Task item >> Once the line holding "Application de localisation" appears, repeat it and each line after it to the end of the data, exactly and with nothing else; pictures stay out.

Dataset extract >>

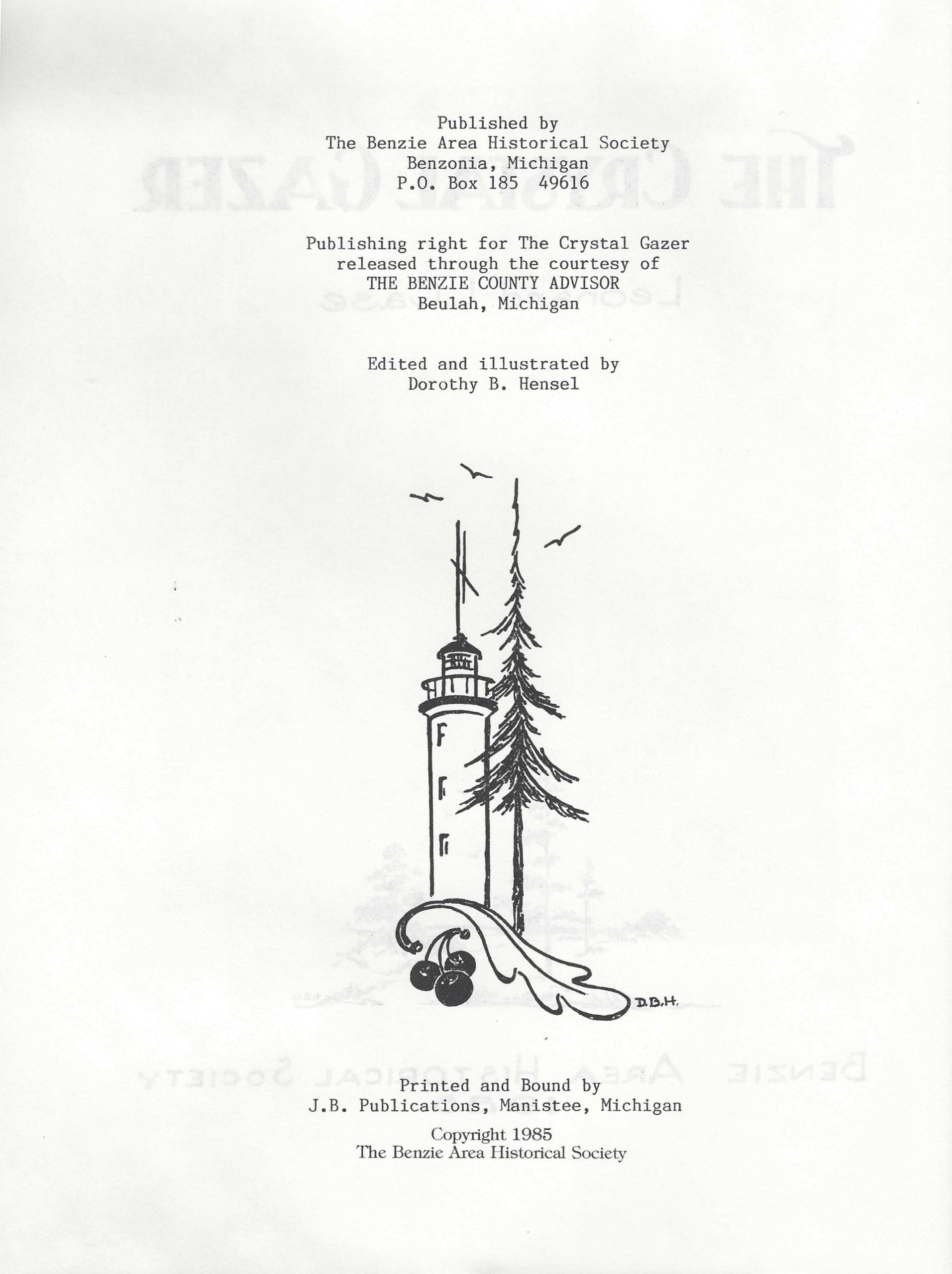 Published by the Benzie Area Historical Society – 1985
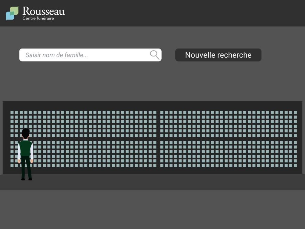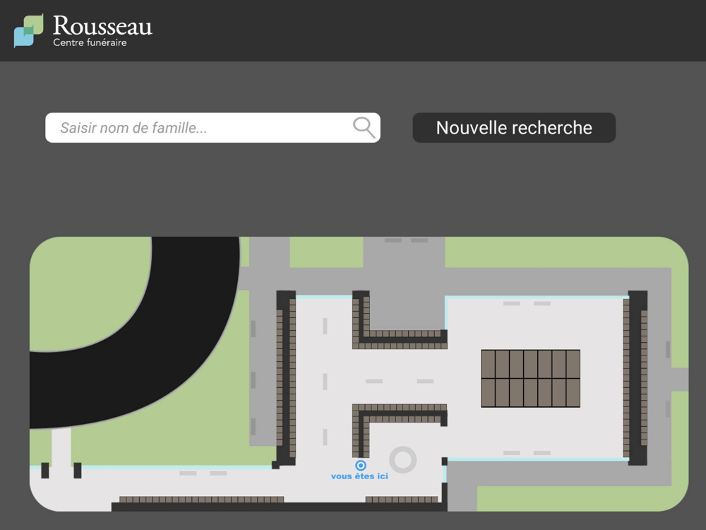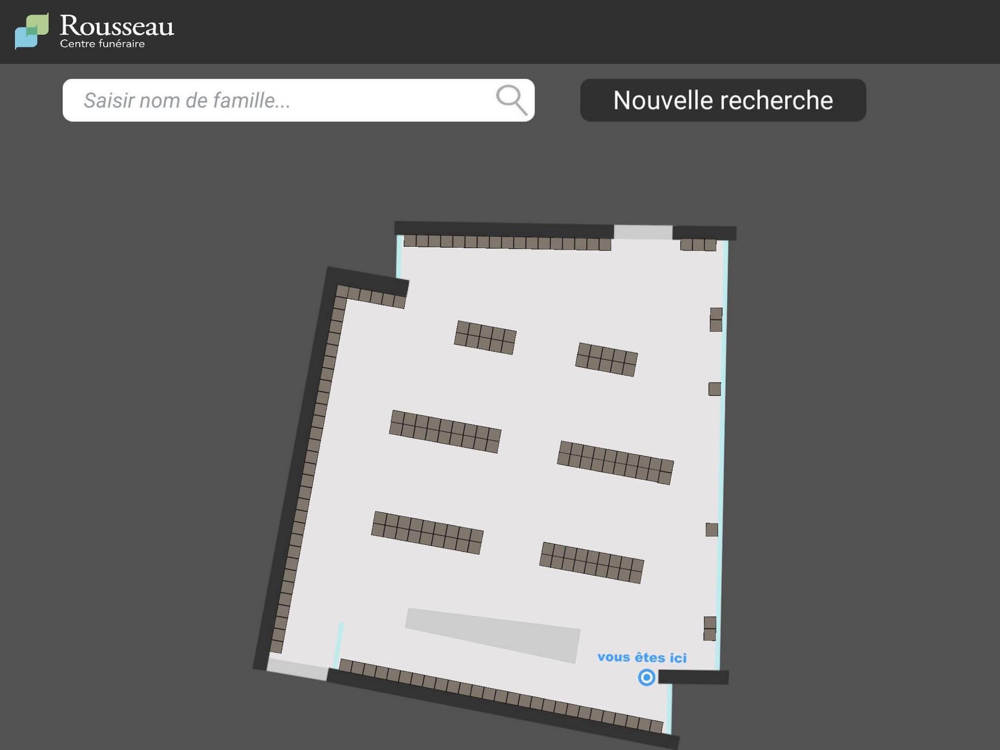 Application de localisation pour le columbarium, le mausolée et pour le mur commémoratif du Centre Funéraire Rousseau de Trois-Rivières. Trouver et localiser simplement une personne qui repose au salon.
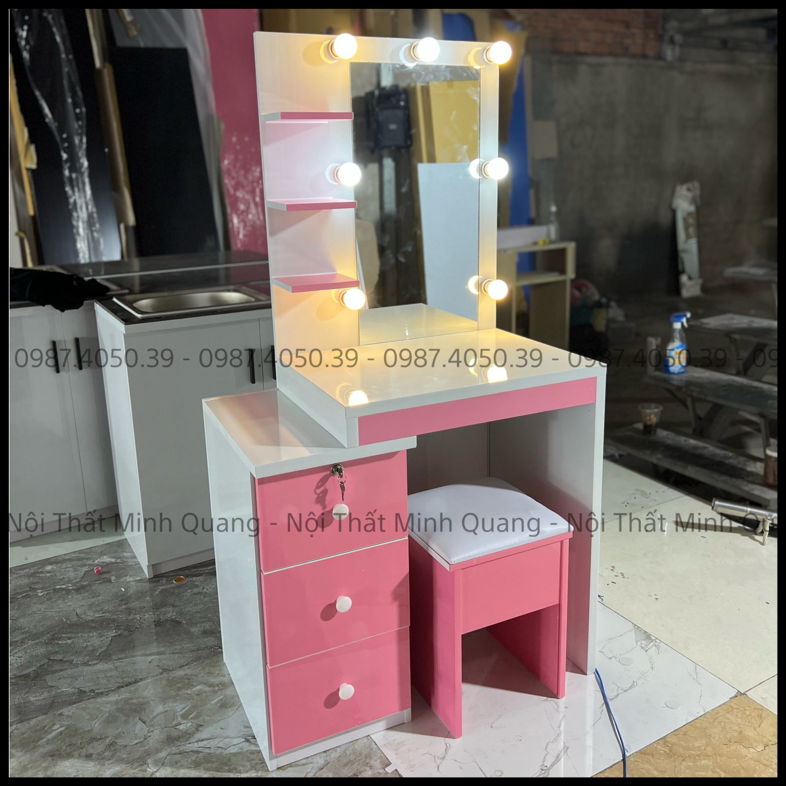 Tất cả sản phẩm tại Nội Thất Minh Quang đều được sản xuất trực tiếp tại xưởng, không qua trung gian. Nhờ đó, khách hàng vừa yên tâm về chất lượng, vừa tiết kiệm được chi phí. Ngoài ra, chúng tôi còn hỗ trợ thiết kế theo yêu cầu để tạo nên bộ bàn trang điểm phù hợp nhất với phong cách riêng của bạn.
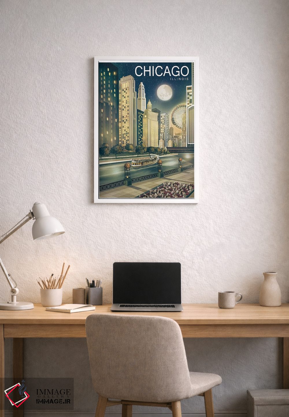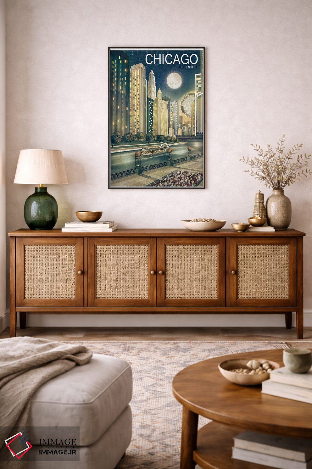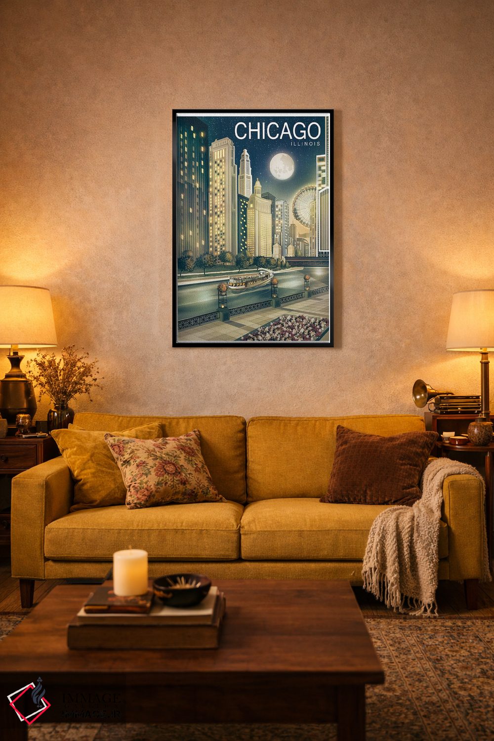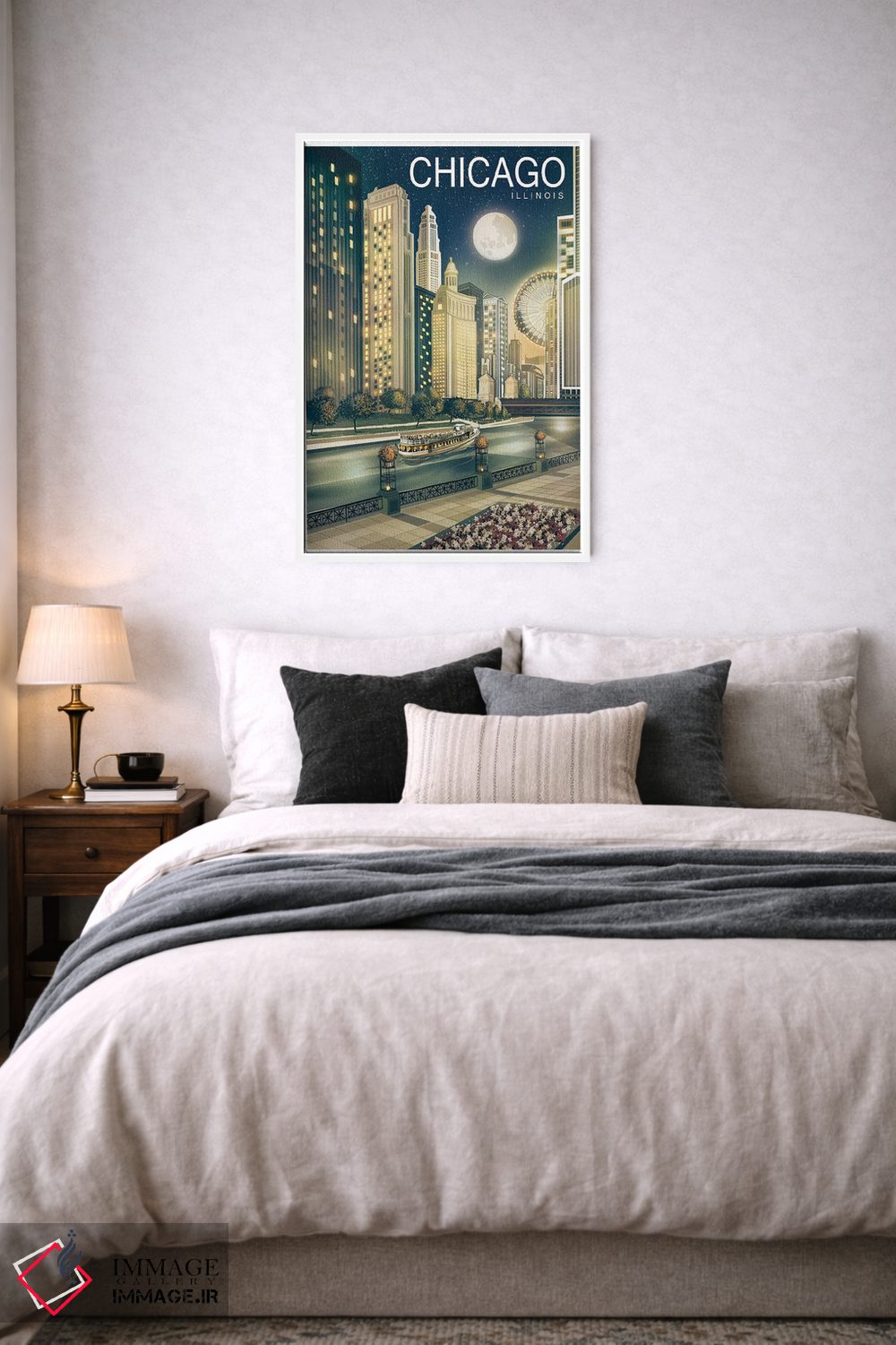 برای نشیمنهای روشن و دیوارهای سفید/طوسی، «شیکاگو دوم» اثرِ «اولد رد تراک (نام هنری/گروه)» با موضوعِ این اثر انتخابی تمیز و چشمنواز است.

Result of this task >>
 Application de localisation pour le columbarium, le mausolée et pour le mur commémoratif du Centre Funéraire Rousseau de Trois-Rivières. Trouver et localiser simplement une personne qui repose au salon.
 Tất cả sản phẩm tại Nội Thất Minh Quang đều được sản xuất trực tiếp tại xưởng, không qua trung gian. Nhờ đó, khách hàng vừa yên tâm về chất lượng, vừa tiết kiệm được chi phí. Ngoài ra, chúng tôi còn hỗ trợ thiết kế theo yêu cầu để tạo nên bộ bàn trang điểm phù hợp nhất với phong cách riêng của bạn.
 برای نشیمنهای روشن و دیوارهای سفید/طوسی، «شیکاگو دوم» اثرِ «اولد رد تراک (نام هنری/گروه)» با موضوعِ این اثر انتخابی تمیز و چشمنواز است.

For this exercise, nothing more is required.